Give back the data below word for word. Any image in it should be left out.

(Study material)

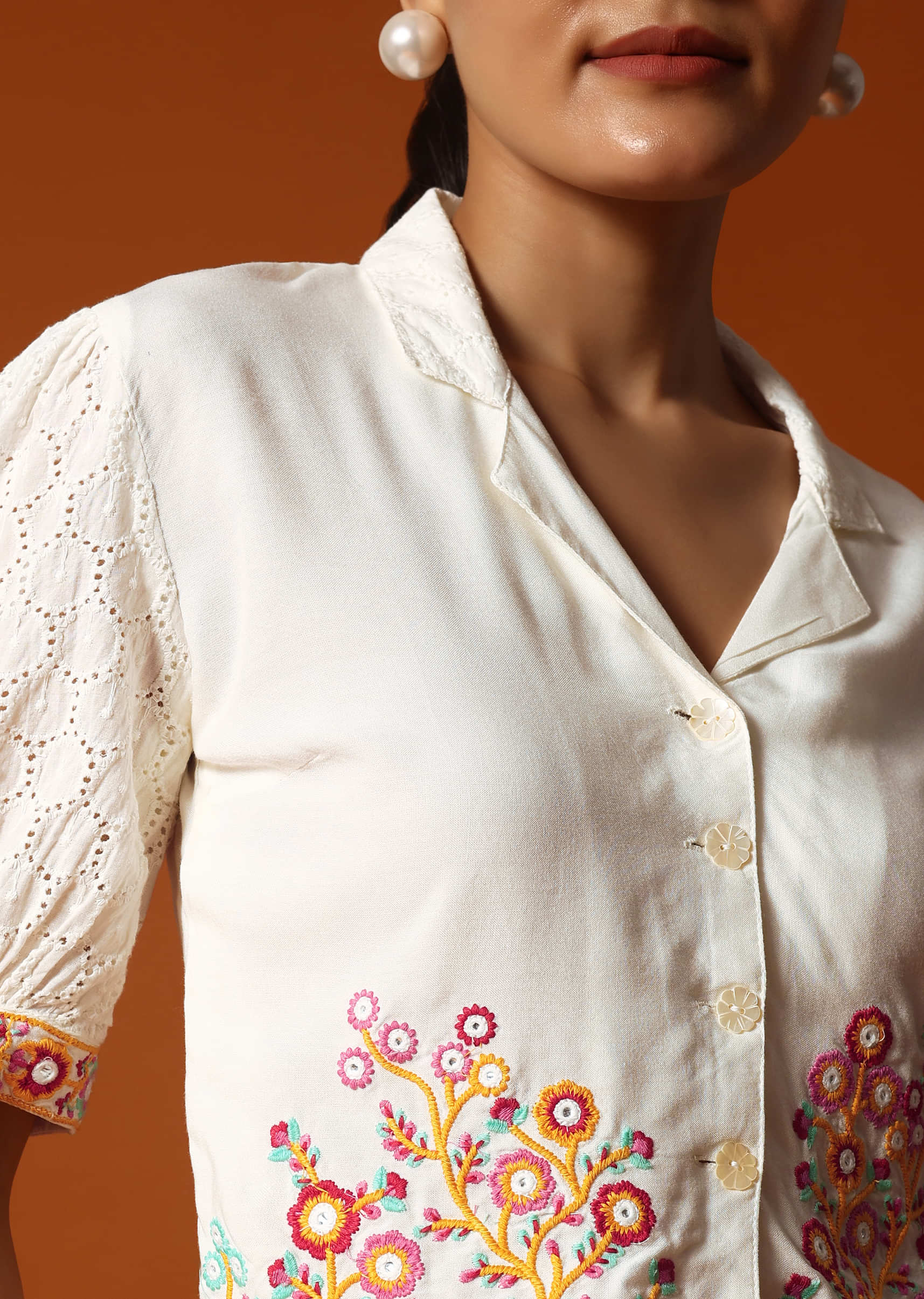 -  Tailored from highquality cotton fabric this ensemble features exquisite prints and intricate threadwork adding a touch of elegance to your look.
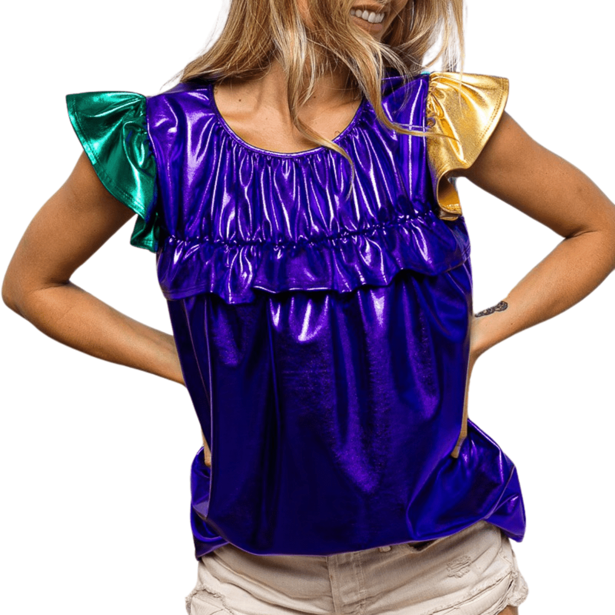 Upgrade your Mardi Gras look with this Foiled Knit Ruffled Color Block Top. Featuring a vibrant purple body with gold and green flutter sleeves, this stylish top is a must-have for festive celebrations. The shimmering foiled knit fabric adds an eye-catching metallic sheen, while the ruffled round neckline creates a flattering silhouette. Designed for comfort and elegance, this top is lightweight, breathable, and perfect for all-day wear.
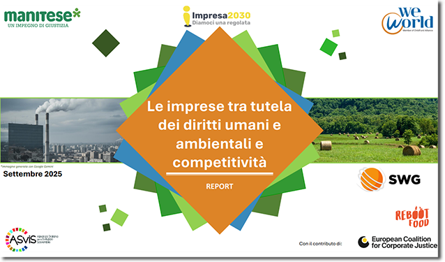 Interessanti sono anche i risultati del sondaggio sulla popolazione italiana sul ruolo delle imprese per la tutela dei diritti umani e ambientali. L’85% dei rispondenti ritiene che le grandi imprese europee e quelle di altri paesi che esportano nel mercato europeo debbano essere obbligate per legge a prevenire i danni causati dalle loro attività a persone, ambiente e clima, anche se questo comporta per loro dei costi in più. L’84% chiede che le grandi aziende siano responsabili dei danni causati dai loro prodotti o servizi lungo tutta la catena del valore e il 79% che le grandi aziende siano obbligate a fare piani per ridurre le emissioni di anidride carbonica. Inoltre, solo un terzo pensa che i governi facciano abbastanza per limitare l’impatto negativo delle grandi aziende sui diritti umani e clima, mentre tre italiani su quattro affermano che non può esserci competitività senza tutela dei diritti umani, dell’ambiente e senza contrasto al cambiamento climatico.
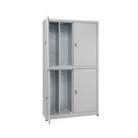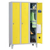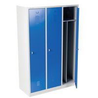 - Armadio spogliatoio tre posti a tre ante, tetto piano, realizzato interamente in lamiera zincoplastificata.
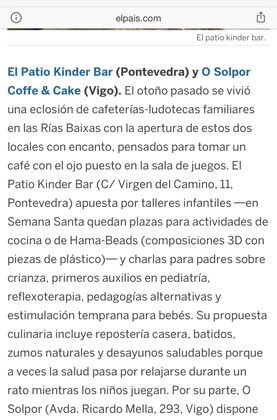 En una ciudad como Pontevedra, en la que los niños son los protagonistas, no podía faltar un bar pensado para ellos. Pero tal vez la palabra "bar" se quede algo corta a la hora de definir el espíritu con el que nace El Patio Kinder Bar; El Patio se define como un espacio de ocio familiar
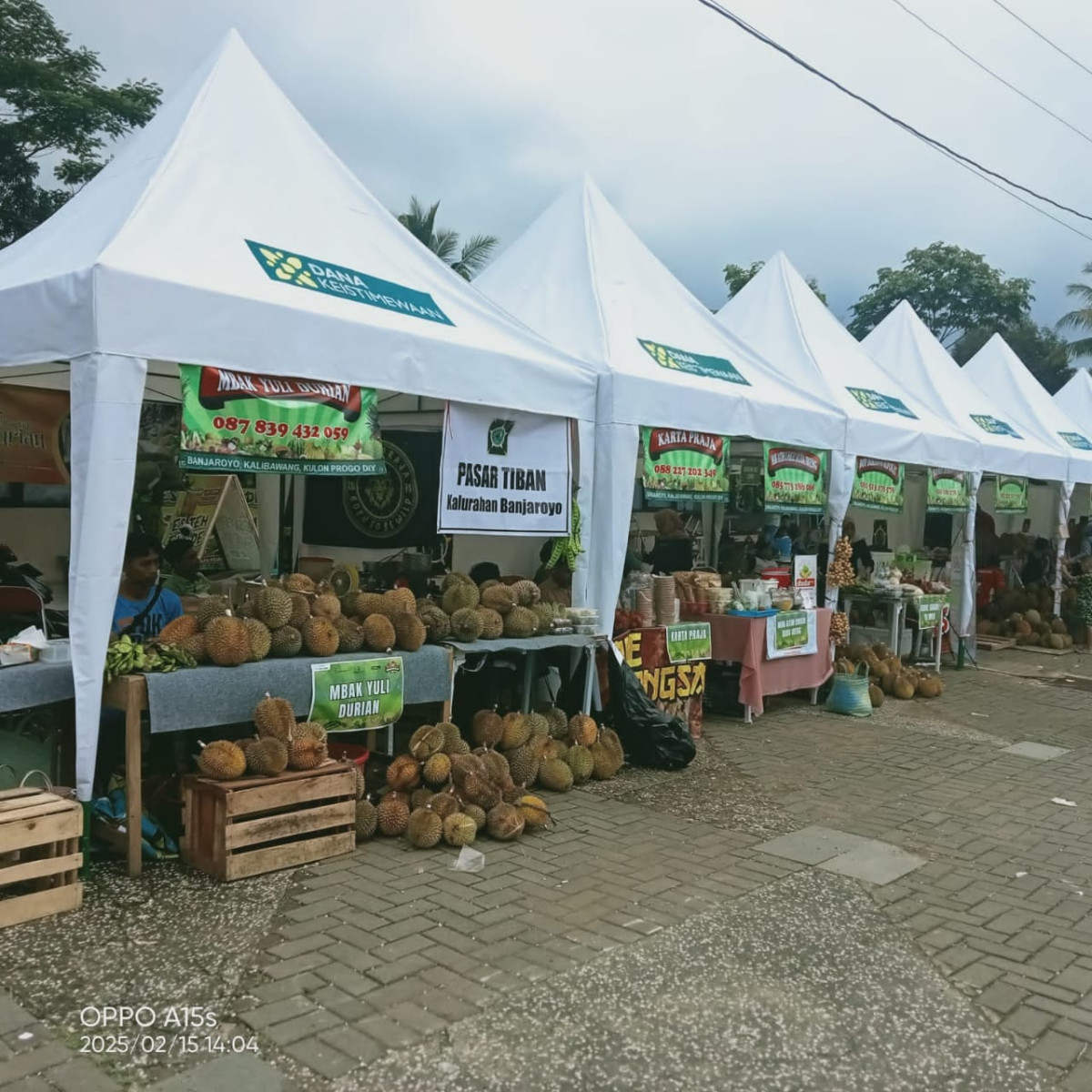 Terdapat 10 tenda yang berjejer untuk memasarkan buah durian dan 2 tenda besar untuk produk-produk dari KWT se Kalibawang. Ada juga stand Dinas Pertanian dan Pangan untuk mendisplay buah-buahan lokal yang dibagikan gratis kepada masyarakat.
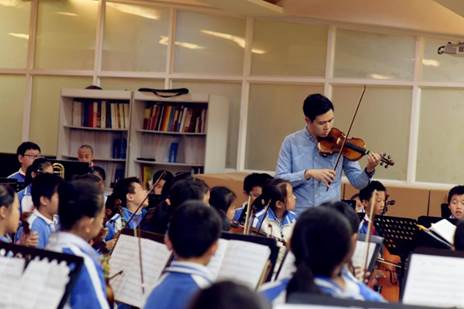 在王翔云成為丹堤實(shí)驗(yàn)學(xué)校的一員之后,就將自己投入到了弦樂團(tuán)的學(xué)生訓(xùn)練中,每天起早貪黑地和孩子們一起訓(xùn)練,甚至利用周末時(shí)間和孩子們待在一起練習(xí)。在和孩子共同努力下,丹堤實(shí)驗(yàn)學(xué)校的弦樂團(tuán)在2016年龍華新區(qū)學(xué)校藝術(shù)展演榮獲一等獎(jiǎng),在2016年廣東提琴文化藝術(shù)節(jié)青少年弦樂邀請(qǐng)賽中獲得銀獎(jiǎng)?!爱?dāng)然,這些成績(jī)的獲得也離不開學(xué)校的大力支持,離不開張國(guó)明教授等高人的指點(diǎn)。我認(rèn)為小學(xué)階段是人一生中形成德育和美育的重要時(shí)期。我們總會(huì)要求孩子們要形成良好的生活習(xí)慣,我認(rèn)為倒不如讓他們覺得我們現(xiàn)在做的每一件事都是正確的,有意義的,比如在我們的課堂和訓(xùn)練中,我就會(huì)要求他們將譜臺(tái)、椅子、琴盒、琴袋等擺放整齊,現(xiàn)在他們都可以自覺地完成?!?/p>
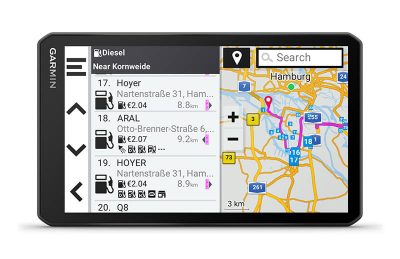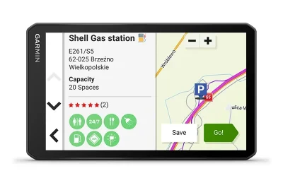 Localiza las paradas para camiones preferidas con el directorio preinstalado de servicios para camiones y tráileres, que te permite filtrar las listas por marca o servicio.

(End Study material)

### Response for this exercise
 -  Tailored from highquality cotton fabric this ensemble features exquisite prints and intricate threadwork adding a touch of elegance to your look.
 Upgrade your Mardi Gras look with this Foiled Knit Ruffled Color Block Top. Featuring a vibrant purple body with gold and green flutter sleeves, this stylish top is a must-have for festive celebrations. The shimmering foiled knit fabric adds an eye-catching metallic sheen, while the ruffled round neckline creates a flattering silhouette. Designed for comfort and elegance, this top is lightweight, breathable, and perfect for all-day wear.
 Interessanti sono anche i risultati del sondaggio sulla popolazione italiana sul ruolo delle imprese per la tutela dei diritti umani e ambientali. L’85% dei rispondenti ritiene che le grandi imprese europee e quelle di altri paesi che esportano nel mercato europeo debbano essere obbligate per legge a prevenire i danni causati dalle loro attività a persone, ambiente e clima, anche se questo comporta per loro dei costi in più. L’84% chiede che le grandi aziende siano responsabili dei danni causati dai loro prodotti o servizi lungo tutta la catena del valore e il 79% che le grandi aziende siano obbligate a fare piani per ridurre le emissioni di anidride carbonica. Inoltre, solo un terzo pensa che i governi facciano abbastanza per limitare l’impatto negativo delle grandi aziende sui diritti umani e clima, mentre tre italiani su quattro affermano che non può esserci competitività senza tutela dei diritti umani, dell’ambiente e senza contrasto al cambiamento climatico.
 - Armadio spogliatoio tre posti a tre ante, tetto piano, realizzato interamente in lamiera zincoplastificata.
 En una ciudad como Pontevedra, en la que los niños son los protagonistas, no podía faltar un bar pensado para ellos. Pero tal vez la palabra "bar" se quede algo corta a la hora de definir el espíritu con el que nace El Patio Kinder Bar; El Patio se define como un espacio de ocio familiar
 Terdapat 10 tenda yang berjejer untuk memasarkan buah durian dan 2 tenda besar untuk produk-produk dari KWT se Kalibawang. Ada juga stand Dinas Pertanian dan Pangan untuk mendisplay buah-buahan lokal yang dibagikan gratis kepada masyarakat.
 在王翔云成為丹堤實(shí)驗(yàn)學(xué)校的一員之后,就將自己投入到了弦樂團(tuán)的學(xué)生訓(xùn)練中,每天起早貪黑地和孩子們一起訓(xùn)練,甚至利用周末時(shí)間和孩子們待在一起練習(xí)。在和孩子共同努力下,丹堤實(shí)驗(yàn)學(xué)校的弦樂團(tuán)在2016年龍華新區(qū)學(xué)校藝術(shù)展演榮獲一等獎(jiǎng),在2016年廣東提琴文化藝術(shù)節(jié)青少年弦樂邀請(qǐng)賽中獲得銀獎(jiǎng)?!爱?dāng)然,這些成績(jī)的獲得也離不開學(xué)校的大力支持,離不開張國(guó)明教授等高人的指點(diǎn)。我認(rèn)為小學(xué)階段是人一生中形成德育和美育的重要時(shí)期。我們總會(huì)要求孩子們要形成良好的生活習(xí)慣,我認(rèn)為倒不如讓他們覺得我們現(xiàn)在做的每一件事都是正確的,有意義的,比如在我們的課堂和訓(xùn)練中,我就會(huì)要求他們將譜臺(tái)、椅子、琴盒、琴袋等擺放整齊,現(xiàn)在他們都可以自覺地完成?!?/p>
 Localiza las paradas para camiones preferidas con el directorio preinstalado de servicios para camiones y tráileres, que te permite filtrar las listas por marca o servicio.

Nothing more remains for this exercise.